Et si c’était un coup de poker raté ? Les risques d’un pari trop audacieux

Tous les observateurs ne sont pas convaincus par le Legion Pro Rollable. Certains, comme Lincoln Lau, rédacteur en chef du site NotebookCheck, pointent du doigt plusieurs écueils potentiels :

  • La durabilité : "Un écran enroulable, c’est bien joli, mais combien de temps tiendra-t-il avant que le mécanisme ne s’use ? Les charnières des portables classiques lèvent déjà des questions, alors imaginez avec un système aussi complexe."
  • Le prix : "À 4 000 €, vous pouvez vous offrir un desktop haut de gamme et un écran 21:9 fixe. Pourquoi payer autant pour une machine qui cumule les risques technologiques ?"
  • L’ergonomie : "Passer d’un 16:9 à un 21:9 en jeu, c’est sympa, mais est-ce que les développeurs optimiseront leurs jeux pour ce format hybride ? Sinon, vous aurez juste une dalle qui s’étire sans réel bénéfice."

D’autres voix, comme celle de Jean-Michel Planche, directeur marketing Europe chez Lenovo Legion, tempèrent ces critiques : "Nous ne lançons pas ce produit pour remplacer les PC gaming traditionnels, mais pour offrir une alternative à ceux qui veulent repousser les limites. Comme le premier ThinkPad en 1992, ou le Yoga en 2012, c’est une innovation qui crée son propre marché."

Une chose est sûre : si Lenovo échoue, ce ne sera pas faute d’avoir osé. Et si le pari réussit, le Legion Pro Rollable pourrait bien devenir le symbole d’une nouvelle ère pour le gaming mobile – celle où l’écran s’adapte au joueur, et non l’inverse.

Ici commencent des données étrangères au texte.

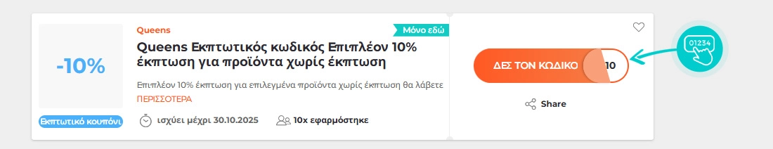 Επιλέξτε έναν συγκεκριμένο εκπτωτικό κωδικό στην ιστοσελίδα μας που θέλετε να χρησιμοποιήσετε στο e-shop iqueens.gr. Κάντε κλικ στο πορτοκαλί κουμπί "ΕΜΦΑΝΙΣΗ ΚΩΔΙΚΟΥ".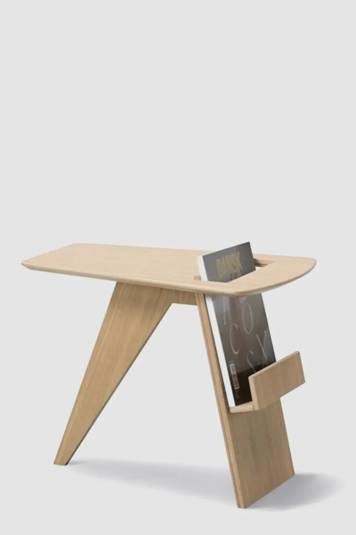 Magazine Table ble designet av danske Jens Risom i 1949. Bordet gjenspeiler Risom’s tanker rundt at kjernen til god design er komfort, varmen fra treverk sammen med en grasiøs stil. I lakkert eik, kombinasjon av myke linjer og nøye utformede utskjæringer, er dette et perfekt sidebord med plass til lesestoff og en kaffekopp. En virkelig designklassiker! Bordet passer fantastisk fint ved siden av Calmo Sofa eller Swoon stolene fra samme merke.

Le Lenovo Legion Pro Rollable n’est pas qu’un simple PC : c’est une déclaration d’intention. En combinant un écran OLED enroulable, un processeur Intel Core Ultra et un design ultra-léger, Lenovo ne se contente pas de suivre les tendances – la marque cherche à les créer. Reste à savoir si les joueurs seront prêts à payer le prix fort (littéralement) pour cette polyvalence inédite. Une chose est certaine : entre les défis thermiques, les questions de durabilité et la concurrence féroce d’ASUS ou Alienware, le chemin vers le CES 2026 s’annonce semé d’embûches. Mais si Lenovo parvient à concrétiser cette vision, nous pourrions bien assister à l’un de ces rares moments où la technologie redéfinit notre façon de jouer. À suivre, donc… avec un mélange d’excitation et de scepticisme.
L'Avis de la rédaction
Par Celtic
Ah, Lenovo qui veut nous faire croire que son écran roulant, c’est comme un Final Fantasy où tu déploies ta carte du monde en mode "exploration" sans jamais avoir à fermer ton Dungeon Master pour manger. Sauf que là, au lieu d’un Chocobo qui te sert ton repas, t’as un ventilateur qui siffle comme un Greninja en mode rage après 10 minutes de Cyberpunk en ultra. "Project Odyssey" ? Plus un voyage interstellaire qu’un truc qui va te faire regretter d’avoir acheté un Zeusbike en 2010. 1,8 kg, dis-tu ? Tonton Lenovo, t’as oublié de préciser que ce poids inclut aussi la gonade thermique qui va te faire pleurer comme un Cloud après une défaite en King of the Hill. Polyvalence ? Ou juste un baliverne marketing pour justifier un prix qui fait mal au portefeuille ? En attendant, je parie que le vrai burn-in, ce sera sur les visages des devs quand ils verront leurs jeux déformés comme un Grandia en mode glitch. Okey, mais à 4k€, faut pas râler si t’as l’impression de jouer sur un écran de tonton qui a oublié de payer l’EDF.